* _Task statement_: Look below for the line that contains "A once converted" and the line that contains "안전차단 절연커버 탑재 |", then restate both of them and every line in between, exactly. No picture goes in the copy.

* _Dataset content_:
"""

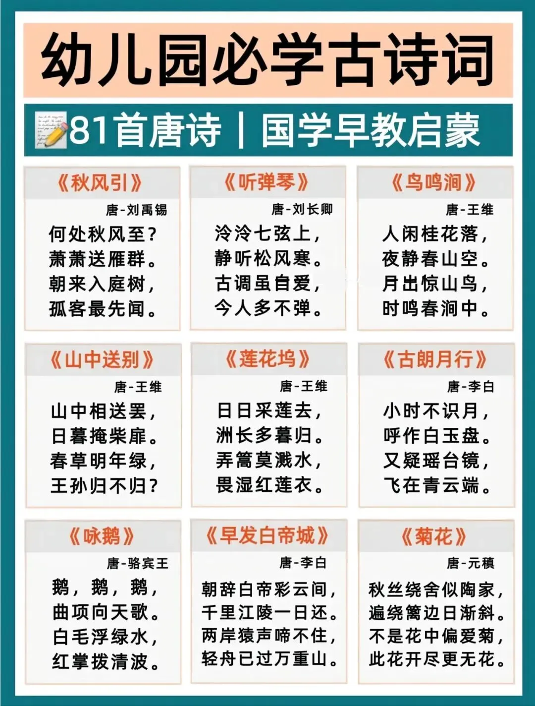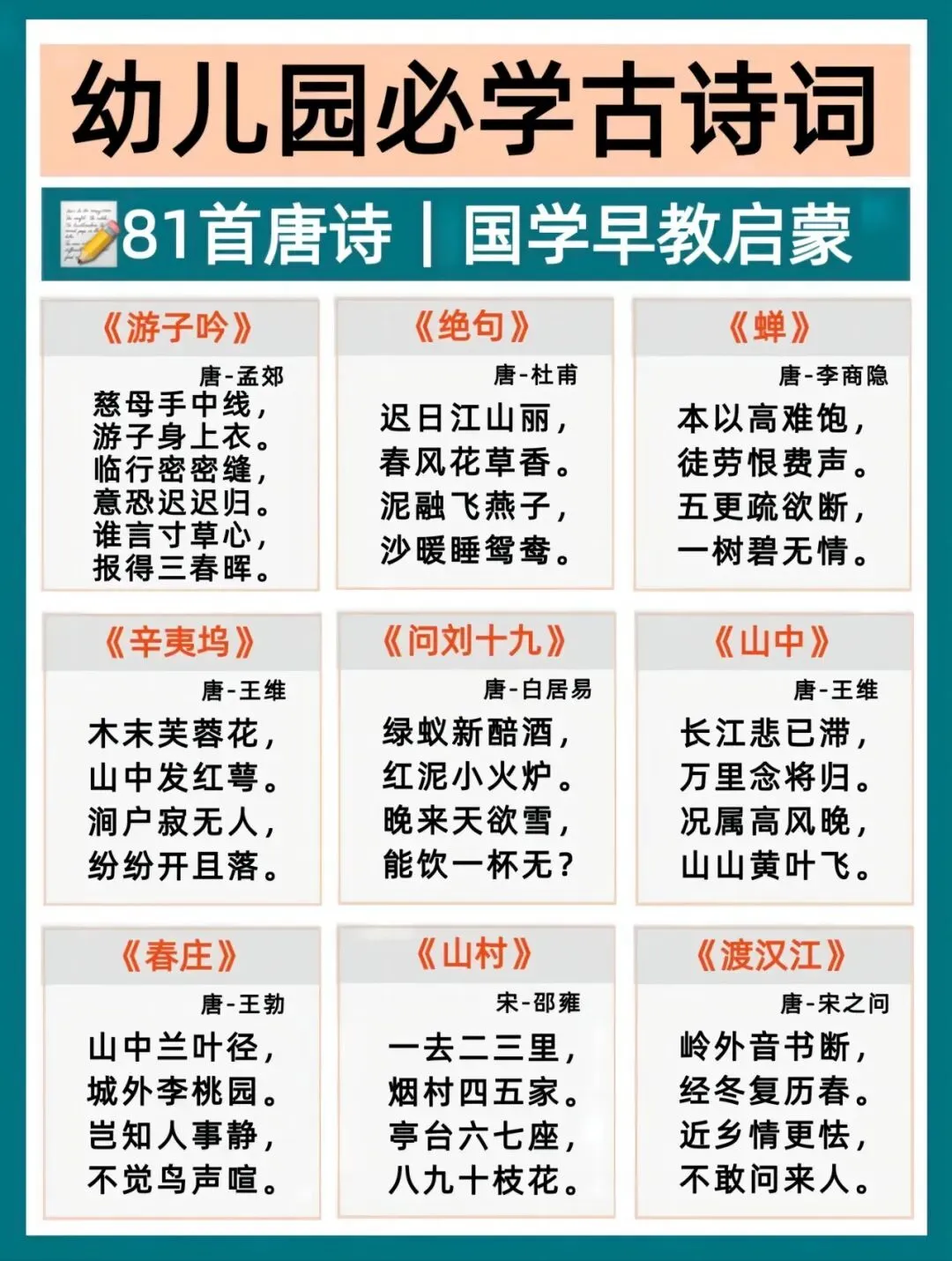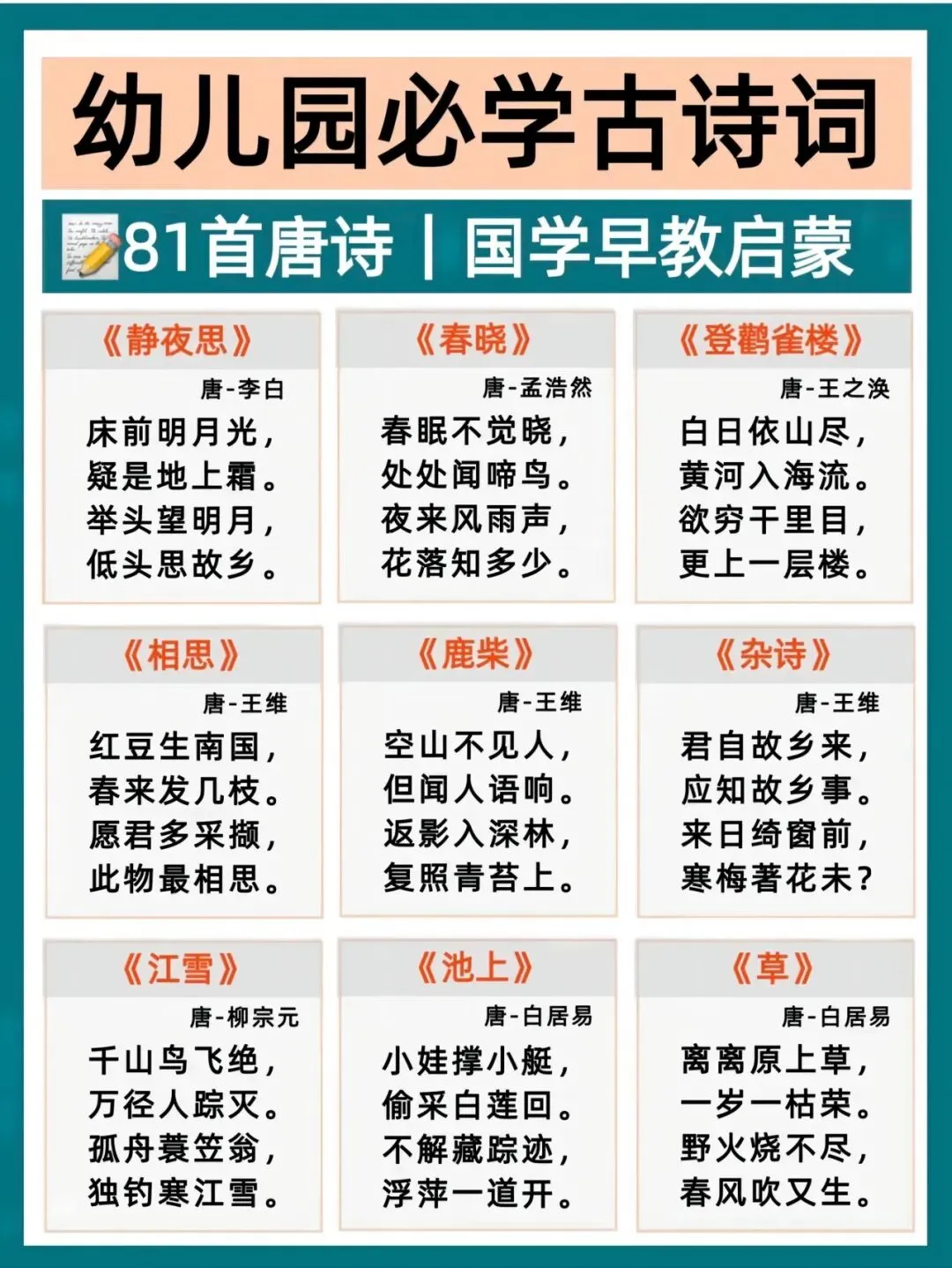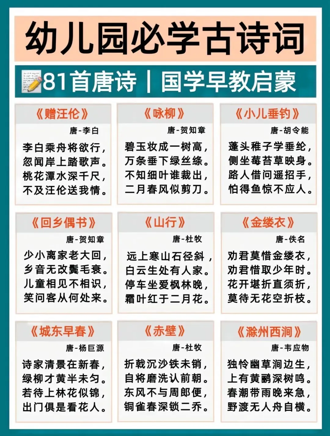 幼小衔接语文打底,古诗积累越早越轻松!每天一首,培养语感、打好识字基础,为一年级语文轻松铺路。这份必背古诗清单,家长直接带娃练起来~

"""
"""

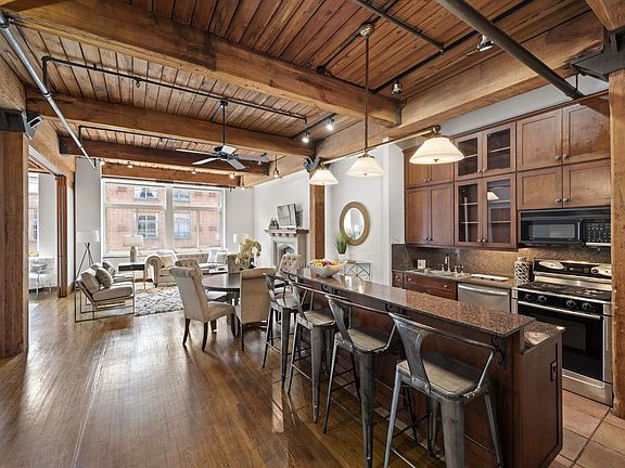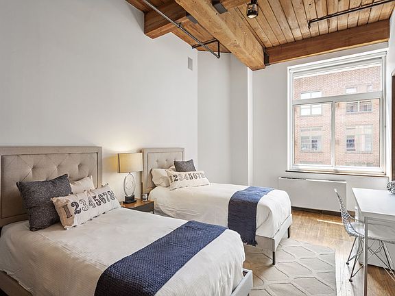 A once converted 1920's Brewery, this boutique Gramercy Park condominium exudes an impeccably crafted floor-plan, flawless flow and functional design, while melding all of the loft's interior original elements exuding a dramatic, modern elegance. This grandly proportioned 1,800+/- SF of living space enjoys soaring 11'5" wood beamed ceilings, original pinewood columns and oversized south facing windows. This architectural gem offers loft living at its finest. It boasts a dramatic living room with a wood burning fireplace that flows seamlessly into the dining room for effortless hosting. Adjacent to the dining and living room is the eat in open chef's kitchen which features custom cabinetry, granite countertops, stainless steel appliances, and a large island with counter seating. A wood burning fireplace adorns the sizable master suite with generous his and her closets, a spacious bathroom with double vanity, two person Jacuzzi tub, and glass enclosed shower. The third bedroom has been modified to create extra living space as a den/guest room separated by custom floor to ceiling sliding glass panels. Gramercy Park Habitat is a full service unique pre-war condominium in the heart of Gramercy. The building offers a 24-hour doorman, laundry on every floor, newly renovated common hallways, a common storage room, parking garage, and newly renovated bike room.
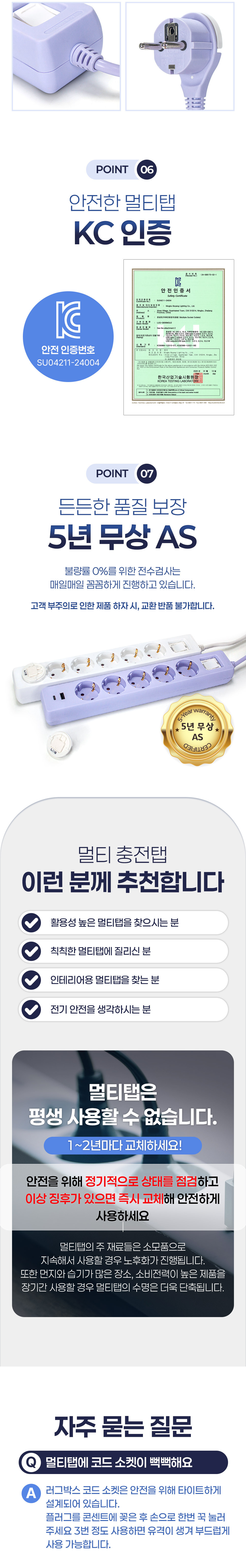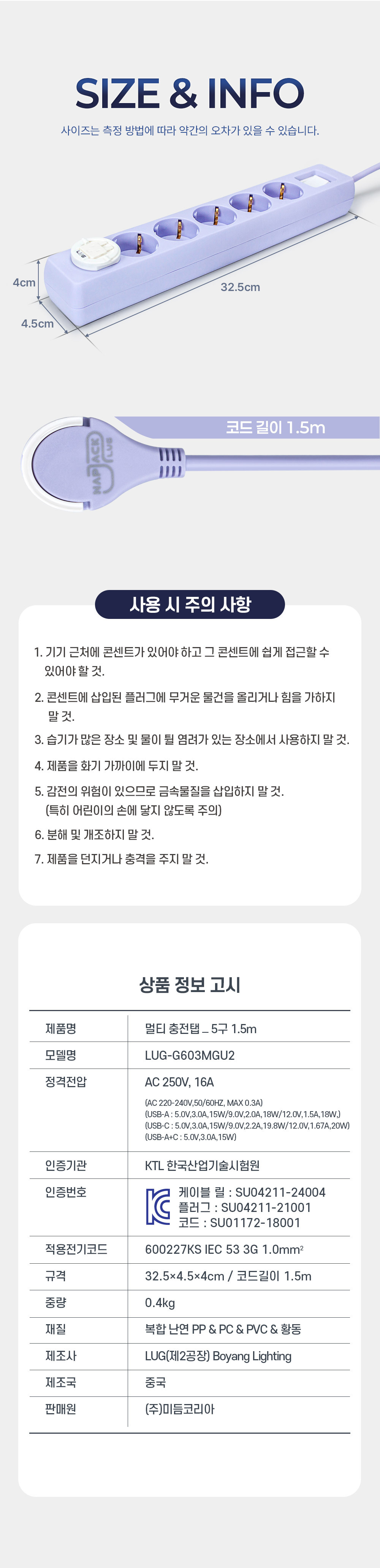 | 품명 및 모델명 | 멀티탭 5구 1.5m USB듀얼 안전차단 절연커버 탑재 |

"""
"""

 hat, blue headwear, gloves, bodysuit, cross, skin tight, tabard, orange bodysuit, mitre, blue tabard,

"""

* _Exercise solution_:
 A once converted 1920's Brewery, this boutique Gramercy Park condominium exudes an impeccably crafted floor-plan, flawless flow and functional design, while melding all of the loft's interior original elements exuding a dramatic, modern elegance. This grandly proportioned 1,800+/- SF of living space enjoys soaring 11'5" wood beamed ceilings, original pinewood columns and oversized south facing windows. This architectural gem offers loft living at its finest. It boasts a dramatic living room with a wood burning fireplace that flows seamlessly into the dining room for effortless hosting. Adjacent to the dining and living room is the eat in open chef's kitchen which features custom cabinetry, granite countertops, stainless steel appliances, and a large island with counter seating. A wood burning fireplace adorns the sizable master suite with generous his and her closets, a spacious bathroom with double vanity, two person Jacuzzi tub, and glass enclosed shower. The third bedroom has been modified to create extra living space as a den/guest room separated by custom floor to ceiling sliding glass panels. Gramercy Park Habitat is a full service unique pre-war condominium in the heart of Gramercy. The building offers a 24-hour doorman, laundry on every floor, newly renovated common hallways, a common storage room, parking garage, and newly renovated bike room.
 | 품명 및 모델명 | 멀티탭 5구 1.5m USB듀얼 안전차단 절연커버 탑재 |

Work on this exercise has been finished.